No me resulta nada fácil ver el cine de Tsai Ming-liang sobre todo porque algunas de sus películas pican tan, pero tan arriba, que la expectativa crece días antes. Muchas veces anhelo no haberlas visto nunca; tanto extraño esa primera visión, que hace estallar todo lo que espero del cine y mucho más, que no las reveo. El movimiento mínimo dentro de lo estático de sus planos es un regocijo. El pulso quirúrgico de la puesta en escena no deja lugar a sensaciones ambiguas, el vacío y la inmovilidad delatan todo lo que está por suceder, el sentido llega flotando hacia el espectador y uno queda esperando el abismo y el caos implícitos en sus películas. Sus planos secuencia nos dejan libres para explorarlos con un ojo curioso y ambulante, o para detenerse en detalles ínfimos mientras se espera la “acción”. El grado cero de narración en sus planos absorbe por completo las aristas de la inacción aparente.
Hace ya muchos años, en una edición del Bafici que ya no recuerdo cuál fue, pude ver El sabor de la sandia (2005) en el espléndido cine América el último día del festival.

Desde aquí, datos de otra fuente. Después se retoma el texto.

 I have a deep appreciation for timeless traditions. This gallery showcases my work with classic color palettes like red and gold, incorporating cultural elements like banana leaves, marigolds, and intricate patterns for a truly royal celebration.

Después de los títulos en blanco y negro, una puerta se cerraba en off con un golpe fuerte y seco, y aparecía un plano filmado con un gran angular inmenso. Todo estaba quieto, el sonido sordo daba a pasillos no transitados. Nada sucedía, pero la imagen tenía una potencia descomunal. Después de una permanencia no tan exagerada, una mujer aparecía caminando y el ruido de los tacos en primer plano sonoro atravesaba el encuadre. El plano recibía una cuchillada amorosa de movimiento y todo comenzaba a circular. Lo que vino después fue un espectáculo pocas veces visto. Si no la vieron, corran ya mismo a buscarla porque se trata del ejercicio más corrosivo filmado alguna vez sobre el cine porno. En The Hole (1998) ya usaba el musical ligero para fragmentar el relato y patear el verosímil lejos, tan lejos que ya a nadie le importa. Allí está el plano secuencia que más quiero, desde el que emerge Kuei- Mei Yang cantando “Calypso” de Grace Chang, luego la cámara flota hasta el ascensor para desaparecer en un lento retroceso y continuar con el relato angustiosamente lluvioso y con varias secuencias de homenaje al slapstick.

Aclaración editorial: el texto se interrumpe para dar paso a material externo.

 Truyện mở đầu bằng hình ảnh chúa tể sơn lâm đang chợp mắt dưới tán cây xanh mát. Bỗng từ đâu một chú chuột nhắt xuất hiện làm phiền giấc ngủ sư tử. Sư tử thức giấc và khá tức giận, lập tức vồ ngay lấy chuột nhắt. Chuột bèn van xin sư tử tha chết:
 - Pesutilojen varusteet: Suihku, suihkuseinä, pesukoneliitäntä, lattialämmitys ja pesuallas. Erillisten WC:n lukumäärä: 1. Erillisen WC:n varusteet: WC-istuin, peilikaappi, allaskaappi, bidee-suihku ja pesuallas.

Stray Dogs (2012) es el retrato de una familia que vive en estructuras vacías de la ciudad y subsiste con la alimentación básica y el aseo imprescindible. Abandonados por su madre, los hijos viven junto a su padre –el siempre brillante Lee Kang-sheng- inmersos en una angustia escalofriante que esta vez el realizador decide exhibir como nunca antes en su filmografía: un primerísimo primer plano de Lee sosteniendo durante horas un cartel mientras llora paralizado en el medio de la dinámica de una ciudad híper transitada, ventosa y mojada por completo. Sus ojos están a punto de estallar y canta una canción de desesperanza agobiado por su marginalidad y la de su familia.
El agua, una vez más, cae insistentemente como en toda su filmografía, en este caso la lluvia es todo el tiempo una amenaza y nos agita, suma peso a la ya dura realidad de nuestros personajes que, cuando no llueve, caminan en una playa húmeda, triste y desierta en busca de reposo. El mundo en el que viven está colmado de falencias afectivas y materiales. Tsai vuelve a él para subrayar la angustia de Lee en un llanto desgarrador y etílico, otra rareza en su filmografía, así como la ambigüedad de no terminar de descifrar si sus hijos están presentes o no en ese plano. Juego nuevo en el cine de Tsai este de esconder información o transpolar personajes, como hace con la figura de la madre. También Lee tiene ese contorneo que aquejaba al personaje en El río (1997), muy sutil esta vez pero claramente referido. Y el final homenajea el superlativo final de Viva el amor (1994). Los 140 minutos de Stray Dogs no se hacen sentir por el virtuosismo de sus planos y la fluidez narrativa de su estilo, en este caso bastante menos sutil que en muchas de sus películas anteriores.
Journey To The West (Francia/Taiwan, 2013), de Tsai Ming-liang, c/Lee Kang Sheng, Denis Lavant, 56′.